FIG. 1 shows an optical schematic diagram of a glass stress detection device of the present invention, in the device, a light source 1, a polarizer 2, a 1/4 wave plate 3, a sample 4, an analyzer 5, and a camera element 6 are sequentially arranged on an optical path of the glass stress detection device of the present invention, when in use, the sample 4 is placed on a sample station 10, light emitted by the light source 1 is changed into linearly polarized light by the polarizer 2, the linearly polarized light is changed into circularly polarized light by the 1/4 wave plate 3, wherein a slow axis of the wave plate forms + -45 degrees with the polarizer, the sample 4 is internally decomposed into two beams of polarized light with optical path difference and mutually perpendicular polarization directions due to residual internal stress, the circularly polarized light passes through the sample 4 to be detected, a driving motor 7 drives the analyzer 5 to rotate, and respectively rotate 0 degree, 45 degrees, 90 degrees, and 135 degrees, and the camera element 6 above the analyzer 5 respectively rotates 0 degree and 135 degrees to, The images at 45 °, 90 ° and 135 ° are captured, and then the captured images are respectively transmitted to the image processing element 13, the image processing element 13 respectively collects the image brightness information at the four specific angles, and calculates the stress in the glass sample according to the captured image brightness information.

Fig. 2 is a schematic structural diagram of an embodiment of the glass stress detection device of the present invention, which is also a schematic diagram of a preferred embodiment. The glass stress detection device in the embodiment comprises a horizontal workbench 8, a light source 1, a polarizer 2, a polarization analyzer 5 and a camera element 6, wherein a support frame 9 is vertically arranged on the horizontal workbench 8, the light source 1 is arranged on the horizontal workbench 8, the polarizer 2 is positioned above the light source 1, an 1/4 wave plate 3 is arranged above the polarizer 2, a sample station 10 is arranged above the 1/4 wave plate 3, the sample station 10 is used for bearing a sample 4 to be detected, the polarization analyzer 5 is erected on the support frame 9 through a fixed seat 11, a driving motor 7 is also fixedly arranged on the fixed seat 11, the driving motor 7 is used for driving the polarization analyzer 5 to rotate, the camera element 6 is fixedly erected above the polarization analyzer 5 and is connected with an image processing element 13, the image processing element 13 is connected with the driving motor 7 to control the rotation of the polarization analyzer 5, and during the rotation of the polarization analyzer 5, the drive motor 7 can register its rotation angle by means of an encoder. The image pickup device 6 in this embodiment is preferably a CCD camera, and the front end of the CCD camera is provided with a filter, and preferably, the image processing device 13 in this embodiment is a general-purpose computer with data processing software.

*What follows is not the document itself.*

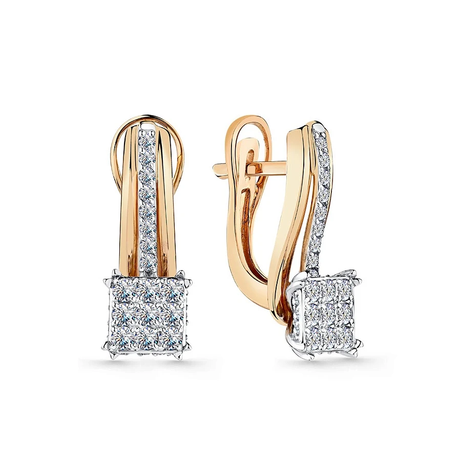 Серьги из комбинированного золота с природным бриллиантом
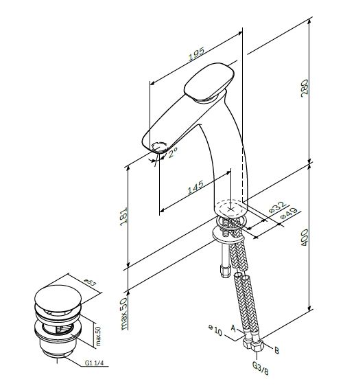 • Высота смесителя:

Preferably, the rotation angles of the analyzer 5 are 0 °, 45 °, 90 °, and 135 °, and the rotation angles are 0 °, the polarization axes of the analyzer 5 and the polarizer 2 are perpendicular to each other, during the measurement, the image processing element 13 controls the operation state of the driving motor 7 according to the collection condition of the image brightness, and after the collection of the image brightness information is completed, the image processing element 13 controls the driving motor 7 to start up, so as to drive the analyzer 5 to rotate at the next angle. The light source 1 is a light source capable of emitting monochromatic light with a central wavelength, and preferably a monochromatic LED surface light source, which can eliminate the influence of light with other wavelengths, so that the image pickup device can capture a relatively clear image.

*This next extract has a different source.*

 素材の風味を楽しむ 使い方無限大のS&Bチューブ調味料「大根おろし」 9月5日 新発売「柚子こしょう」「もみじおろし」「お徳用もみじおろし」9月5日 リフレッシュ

In the present embodiment, in order to avoid the influence of other unnecessary stray light on the measurement accuracy of the present invention, the cover 12 is covered outside the glass stress detection device in the present embodiment, so as to ensure that the device is used without influence in a dark operating environment, thereby improving the operation convenience of the stress meter of the present invention.

Furthermore, the analyzer 5 and the camera element 6 can be adjusted in distance relative to the sample station 10, so that when the device of the present invention is used, an operator can properly adjust the positions of the analyzer 5 and the camera element 6 according to the specific situation of the sample to be measured, so that the camera element 6 can capture a relatively clear image, and the measurement accuracy of the device of the present invention is improved.

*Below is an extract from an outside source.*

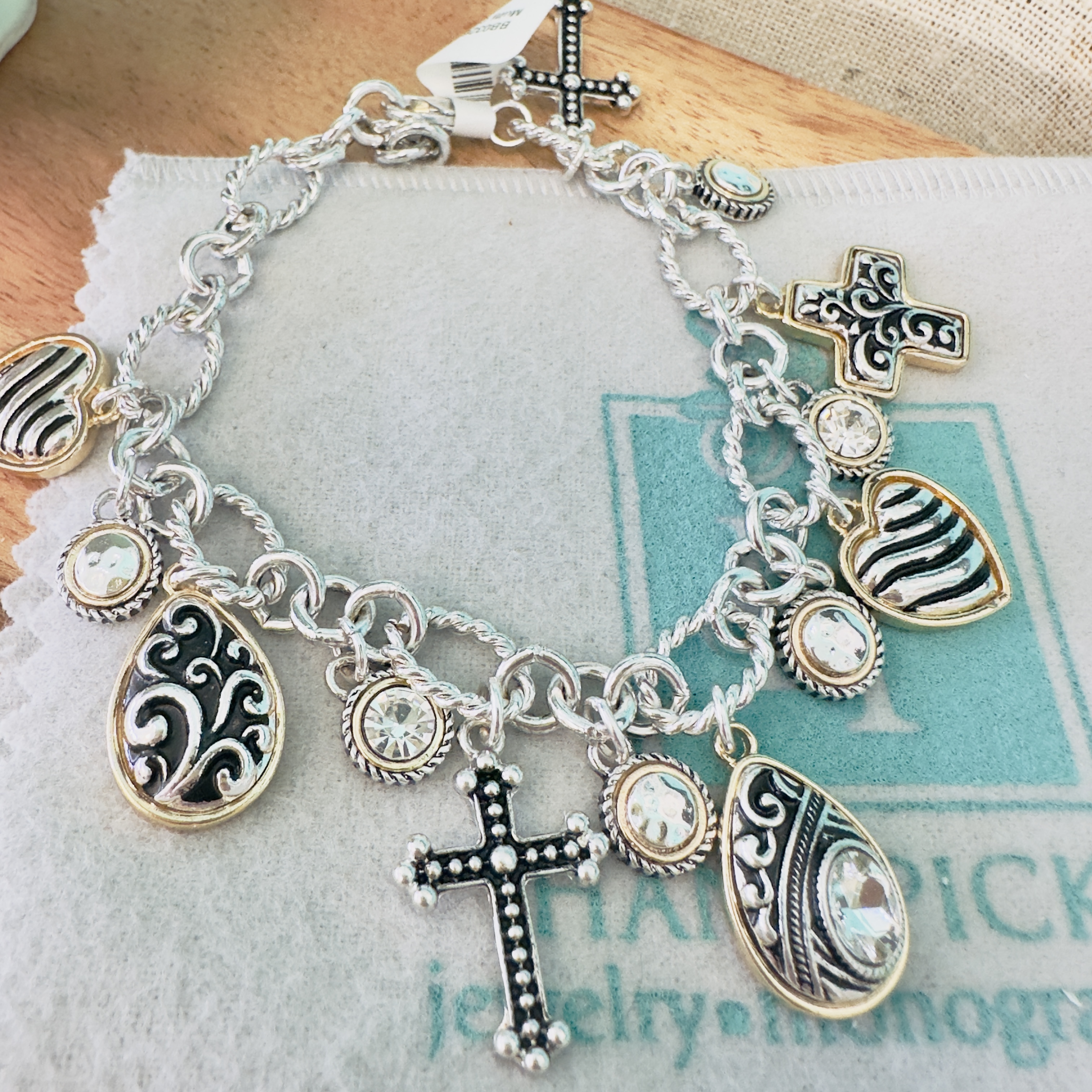 The trendy charm bracelet from HandPicked is a fashion style with dangling hearts and crosses to show off your latest jewelry fashion style this season!

More specific implementation modes of the invention are specifically developed as follows:

as an embodiment of the invention, the light source 1 selects an LED area light source with a central wavelength of 590nm, before measuring the internal stress of the glass, an operator firstly calibrates, the driving motor 7 controls the analyzer 5 to rotate by 0 degree, 45 degree, 90 degree and 135 degree respectively, a background image of a corresponding rotation angle is shot, then the sample 4 to be measured is placed on the sample station 10 for stress detection, the shading cover 12 needs to be pulled down in the stress detection process to avoid the influence of the environmental light on the test result, the light emitted by the light source 1 is changed into circular polarized light after passing through the polarizer 2 and the 1/4 wave plate 3, due to the stress in the glass sample, the polarized light is decomposed into two beams of polarized light with optical path difference and mutually vertical polarization directions after passing through the glass to be measured with stress, the driving motor 7 drives the analyzer 5 to rotate, so that the polarization axes of the analyzer 5 and the polarizer 2 are arranged at different angles, therefore, the image pickup element 6 above the analyzer 5 can capture images with different brightness information, and then the captured images are transmitted to the image processing element 13, the image processing element 13 performs calculation of the internal stress of the glass according to the captured image brightness information, in this embodiment, the image pickup element 6 can capture images with brightness information of different surfaces by controlling the incident sample 4 to be circularly polarized light and matching with the rotation of the analyzer 5, thereby realizing the effect of measuring the stress value size of the whole shooting area of the glass sample to be measured and the stress 3D distribution thereof, and solving the technical problems of low measurement efficiency and large measurement error existing in single-point measurement in the prior art.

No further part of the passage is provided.